» Prompt:
Word for word, copy the line that contains "个股表现方面,小家电行业当日" and each line after it in the data below. Pictures stay out of the copy.

» Data below:
□ □ □ □
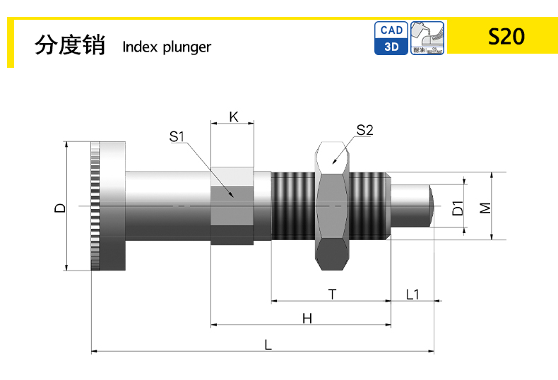 | 型號(hào) | 材質(zhì) ![]() | D1 ![]() | L1 ![]() | M ![]() | T ![]() | D ![]() | 長(zhǎng)度L ![]() | K ![]() | 高度H ![]() | S1 | 最大載荷(N) ![]() | 重量(g) | 3D圖紙 | 選購 | |||
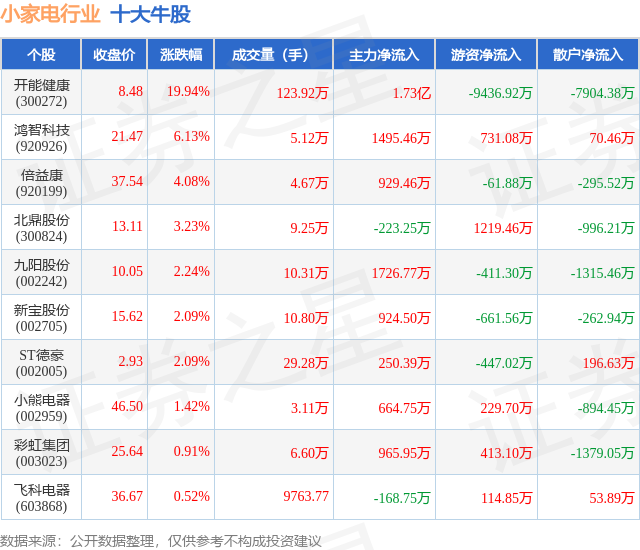 个股表现方面,小家电行业当日领涨股为开能健康(300272),该股当日报收8.48,上涨19.94%,成交量123.92万,主力资金净流入1.73亿元。鸿智科技(920926)以上涨6.13%紧随其后,该股当日成交量5.12万,主力资金净流入1495.46万元。除此之外,倍益康(920199)、北鼎股份(300824)、九阳股份(002242)均进入当日牛股之列。具体个股列表见下表:
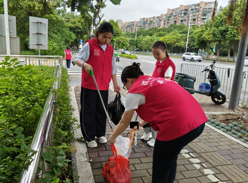 活动现场,一群身着红马甲的青少年们手持夹子、垃圾袋,认真地捡拾路面的烟头、果皮,甚至钻进绿化带,仔细地掏拾隐藏的塑料瓶、纸屑。他们相互配合,遇到难清理的污渍,便蹲下仔细处理,没有一个人喊累。
□ □ □ □
» Solved exercise:
 个股表现方面,小家电行业当日领涨股为开能健康(300272),该股当日报收8.48,上涨19.94%,成交量123.92万,主力资金净流入1.73亿元。鸿智科技(920926)以上涨6.13%紧随其后,该股当日成交量5.12万,主力资金净流入1495.46万元。除此之外,倍益康(920199)、北鼎股份(300824)、九阳股份(002242)均进入当日牛股之列。具体个股列表见下表:
 活动现场,一群身着红马甲的青少年们手持夹子、垃圾袋,认真地捡拾路面的烟头、果皮,甚至钻进绿化带,仔细地掏拾隐藏的塑料瓶、纸屑。他们相互配合,遇到难清理的污渍,便蹲下仔细处理,没有一个人喊累。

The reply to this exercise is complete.